US 12,294,582 B2
	Communication network resilience based on distributed multi-agent q-learning algorithm
Lan Kim Nguyen, Mission Viejo, CA (US); Elsa Newman Schaefer, Fairfax, VA (US); and Robert Arthur Hughes, Jr., Bayfield, CO (US)
Assigned to KBR WYLE SERVICES, LLC, Houston, TX (US)
Filed by KBR Wyle Services, LLC, Houston, TX (US)
Filed on Jun. 1, 2023, as Appl. No. 18/327,347.
Claims priority of provisional application 63/354,410, filed on Jun. 22, 2022.
Claims priority of provisional application 63/348,816, filed on Jun. 3, 2022.
Prior Publication US 2023/0396623 A1, Dec. 7, 2023
Int. Cl.
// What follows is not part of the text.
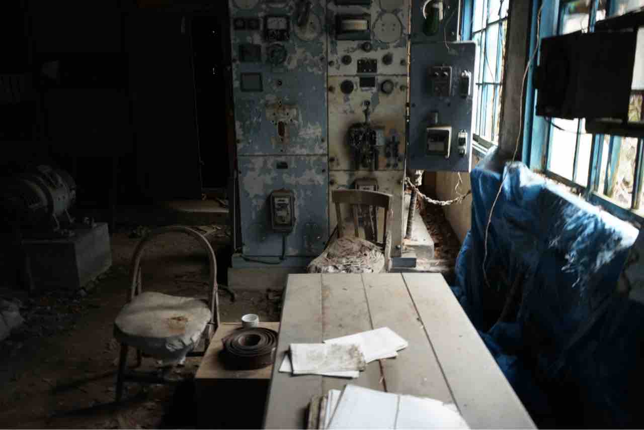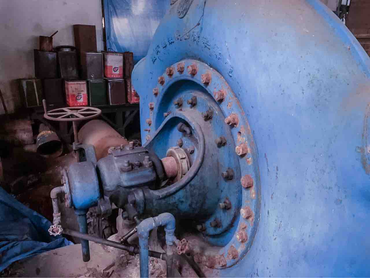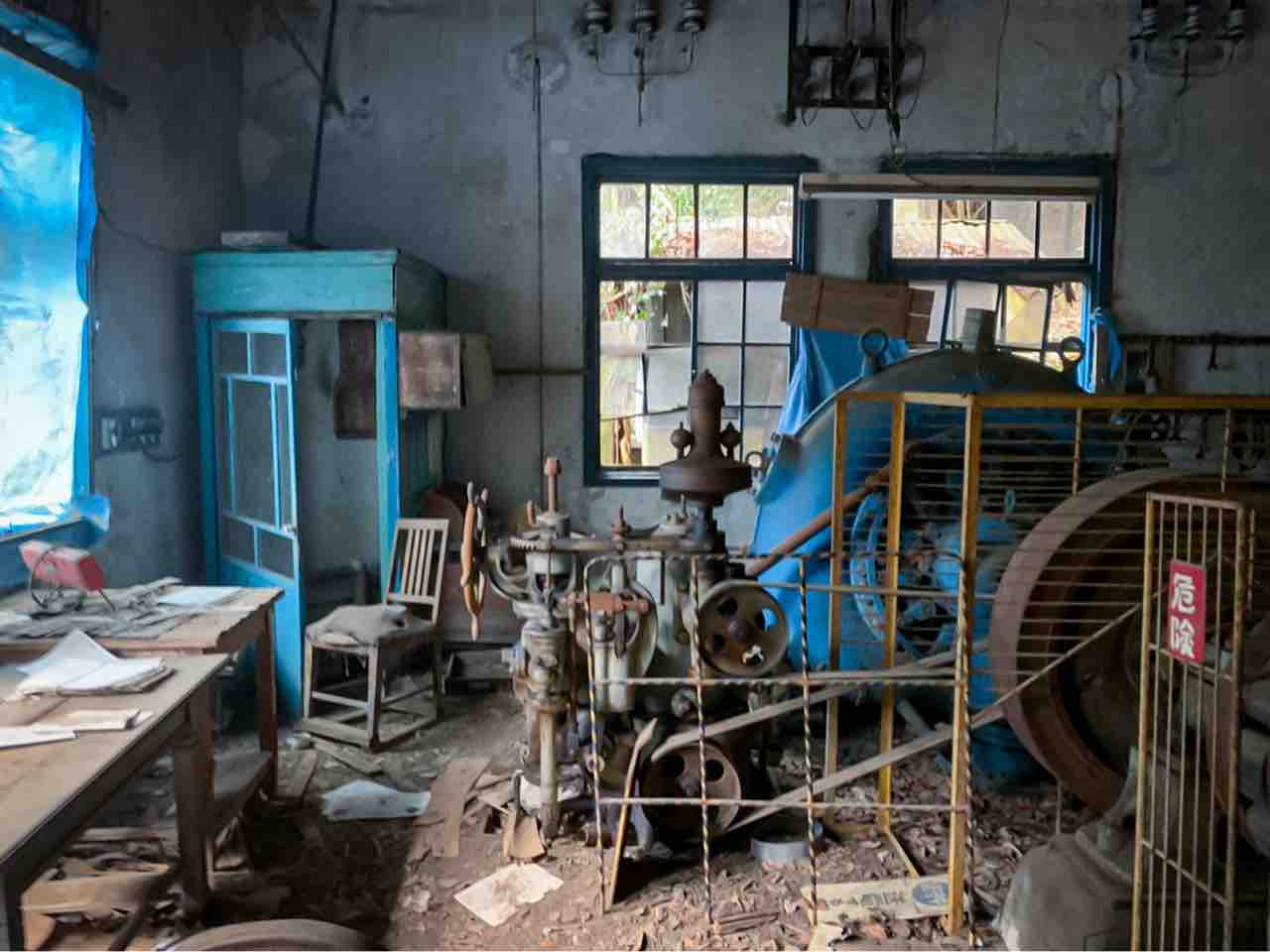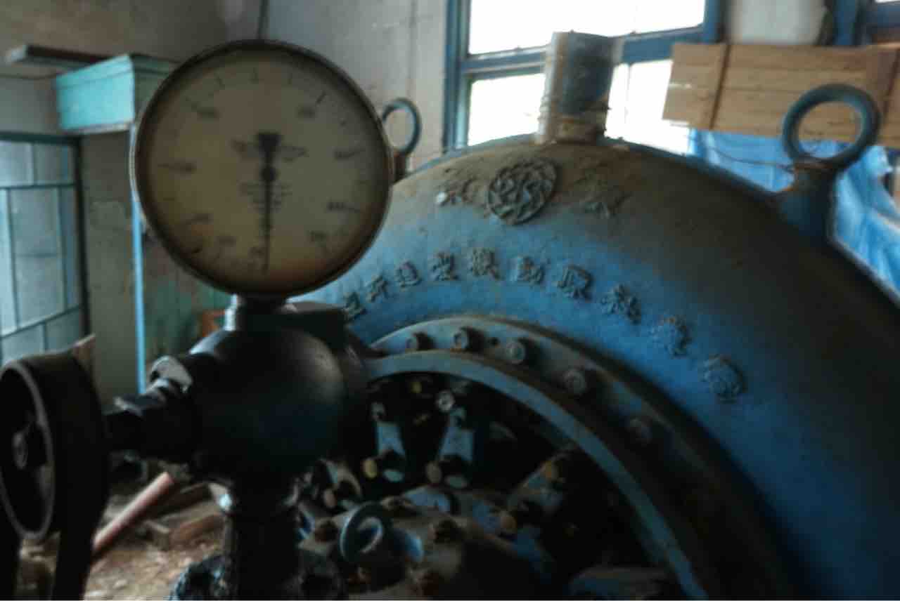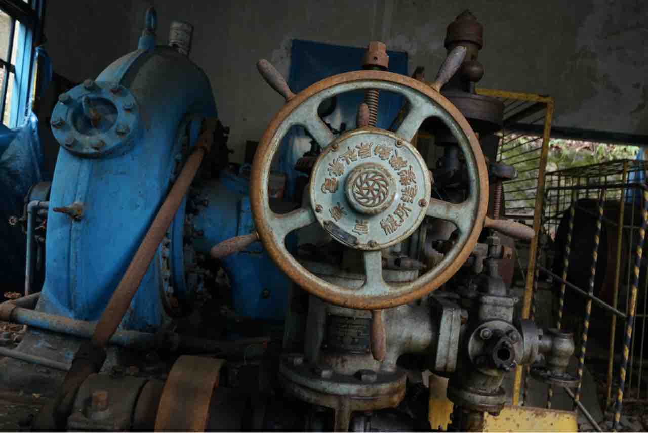 時山第一発電所の内部には当時使われていたテレホンボックスやタービンが残されている。

H04L 41/046 (2022.01); H04L 9/40 (2022.01); H04L 41/16 (2022.01)

CPC H04L 63/101 (2013.01) [H04L 41/046 (2013.01); H04L 41/16 (2013.01); H04L 63/108 (2013.01)]

20 Claims

1. A method for strengthening communication network resilience, comprising, at a source agent of the communication network:

accessing an access list comprising communication relay agents available to the source agent;

accessing a Q-table, from among a plurality of Q-tables, that corresponds to the communication relay agents available to the source agent, wherein each entry in the Q-table indicates a predicted reward for transitioning from a first relay agent of the communication relay agents to a second relay agent of the communication relay agents at a specified time slot;

transitioning from communicating via a current communication relay agent to communicating via a new communication relay agent at a time slot, wherein the new communication relay agent is determined based on a set of entries in the Q-table, wherein the set of entries comprises entries in the Q-table corresponding to transitioning from the current communication relay agent to each of the communication relay agents at the time slot;

receiving data indicative of an actual reward for transitioning to the new communication relay agent; and

updating the entry in the Q-table corresponding to the transition from the current communication relay agent to the new communication relay agent at the time slot based on the received data indicative of the actual reward.